NLRP3 Inflammasome and Depression

Environmental stimuli propitiate inflammatory responses via activation of the NLRP3 inflammasome and cytokine secretion in MD. Stressors leading to the activation of inflammatory processes and cytokine release have been correlated with changes in brain function and depression onset; it has been postulated that IL-1β secretion is the initial step in the inflammatory cascade linking psychosocial stress to the development of MDD [89]. In agreement with this proposal, IL-1β has been shown to elicit depressive-like behaviors in animals exposed to either acute or chronic unpredictable stressors [85]. Furthermore, clinical findings have shown that patients with MDD have increased blood levels of IL-1β and IL-18, and this is associated with an increased activity of the NLRP3 inflammasome in PBMCs [97]. These data are correlated with findings showing that activation of the NLRP3 inflammasome leads to increased accumulation of myeloid-derived suppressor cells (a heterogeneous population of immature myeloid cells that suppress innate and adaptive immunity by inhibiting T cell proliferation; for review see [100]), which are associated with decreased numbers of peripheral blood T-reg cells and reduced concentrations of anti-inflammatory cytokines, including TGFβ and IL-10 in MD [101]. Thus, it appears that patients with depression have neuroprotective impairments and altered anti-inflammatory T-cell responses, which argues in favor of the hypothesis that activation of the NLRP3 inflammasome, pro-inflammatory signals, and altered immune cell activity concur with MDD [65].

Similar findings have shown increased expression of both IL-1β and NLRP3-inflammasome mRNA in the brains of mice exhibiting depressive-like behaviors after LPS administration.
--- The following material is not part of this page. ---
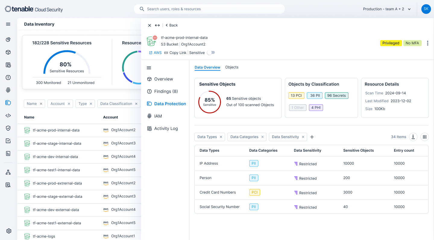 Get full visibility into where data resides across your cloud environment. From AI services and workloads to S3 buckets, Tenable Cloud Security identifies data resources using agentless API scans, classifies data findings by severity levels and then groups data into categories such as company secrets or PHI. This three-layered approach understands account context and reduces alert noise so you can prioritize the exposures that matter most to your organization's overall compliance and security posture.

These data suggest that inflammatory components and immune mediators are involved in the connection linking psychosocial stress to MDD [102]. Although some studies have proposed a critical role for mitochondrial rupture during NLRP3 activation [103, 104], recent studies showed that the inflammasome pathway in MDD does not depend on mitochondrial dysfunction [97]. While the mechanisms underlying the effect of psychosocial stress on inflammasome formation are still a matter of dispute, clinical studies have shown how antidepressant medications can regulate inflammasome activation. For example, amitriptyline (a common tricyclic antidepressant) inhibits IL-1β and IL-18 production, as well as NLRP3 and caspase-1 gene expression in patients with MDD [97]. Similar findings have been reported for glyburide, an anti-diabetic drug that inhibits caspase-1 activation and IL-1β secretion, and it has been proposed to be effective as an inhibitor of NLRP3 formation following stress-induced depression [105]. Furthermore, selective serotonin reuptake inhibitors (SSRIs) (excluding tricyclic antidepressants) increase TNF-α and IFN-gamma (IFN-χ) levels in the frontal cortex, which is inhibited by anti-inflammatory agents [106]. These findings suggest that SSRIs and tricyclic antidepressants rely on different mechanisms when interacting with anti-inflammatory drugs. Moreover, antidepressants reduce LPS-induced peripheral IL-6 and TNF-α production [107]. Chronic SSRI administration also attenuates CRH, TNF-α, and IL-1β mRNA expression in the hypothalamus [108]. Thus, it will be interesting to explore in clinical trials the pharmacobiological effects of anti-inflammatory agents on the efficacy of antidepressants in patients with MDD [108] (Fig. 2).

Glucocorticoids and the NLRP3 Inflammasome

Chronic stress and GCs have been reported to modulate the microglia immunophenotype [26, 85, 97] as demonstrated by the effects of GCs in upregulating the expression and activation of MHCII and Iba-1 antigens in CNS macrophages (perivascular macrophages) and microglia, suggesting that stress and GCs can alter the immunophenotype of myeloid cells. For instance, different studies have shown that GCs may prime a distinct set of macrophage populations, regardless of their micro-environmental milieu [26, 102]. Thus, GCs appear to play a pivotal role in chronic stress-induced neuroinflammatory priming [26, 85, 97, 103] and are sufficient to prime neuroinflammatory responses to subsequent pro-inflammatory insults. [26, 104]. The NLRP3 inflammasome [multi-protein complex associated with the adaptor protein-ASC and pro-caspase-1] is the only inflammasome known to be primed by GCs [26, 105].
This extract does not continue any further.